Where Are Those REPOs?

For Southern Californians, the short answer: right where you live.

In the San Gabriel Valley, homes which are REOs, short pays, NODs, short sales or corporate owned are everywhere. In fact, at this point, they are the only properties selling and often even these bargain properties offered far below the prices they sold for just one or two years ago are on the market 100 days or more.

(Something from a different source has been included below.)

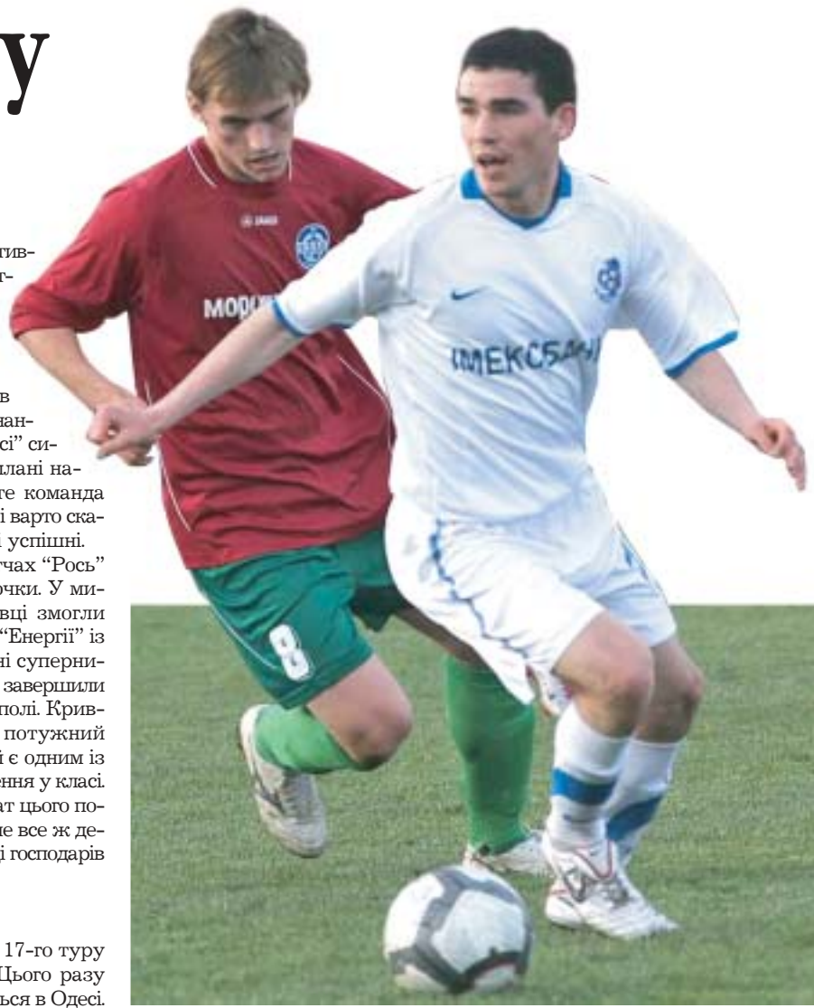
Попередній суперник "Ниви" "Чорноморець-2" (у білому) цього разу прийматиме участь у поєдинку проти "Бастіона"

Одесити свій останній матч провели у Тернополі. Поєдинок проти "Ниви" видався дуже важким. Тернопільяни постійно атакували і втратили кілька нагод, щоб перемогти.

Just where are these properties? Here’s a short list compiled in haste from the Multiple Listing Service [MLS] access to which I offer on my website www.DianeButler.net.

City Properties Range
Arcadia 12 $450000-$1,500,000
Azusa 70 $179,900-$914,900
Claremont 15 $249,000-$579,000
Covina 77 $215,000-$675,000
Duarte 22 $261,000-$610,000
Glendora 17 $300,000-$855,000
La Verne 17 $212,500-$749,000
Monrovia 23 $320,000-$649,000
Pasadena 77 $185,000-$790,000
Rancho Cucamonga >319 $105,000-$1,290,000
San Dimas 15 $330,000-$1,400,000
Sierra Madre 1 $358000
Upland 88 $135,000-$999,900

Look at those prices!

These are amazing prices that we haven’t seen in this area for literally years. $105,000? Wow! Many of the cheapest listed here are one-bedroom condos, but, still, a year ago even they were commanding prices over $200,000 or $300,000 pretty much everywhere.

Pasadena ,by far the largest city, so has a very large number of foreclosures. That $185,000, by the way, is a studio. Still. Rancho is also a large city, but 319? That is what it is like in San Bernardino/Riverside County, as delineated here previously. To my mind, some of the most undervalued homes and so the best deals are in Covina which with 77 repos is out of step with the other foothill communities. Azusa is another surprise.

Most of the repos concentrate at the lower end, but there are some truly beautiful homes in the mix, many with 5 bedrooms and commanding views of the valley. Despite these prices, however, many of these homes listed at seemingly rock-bottom prices are not selling.

Right now is a fabulous time to buy. Among these repos are some fantastic values which will not get any better. Like anything else, the buyer who gets the great deal needs to do his homework and plod through those 319 listings in Rancho to find the real gems.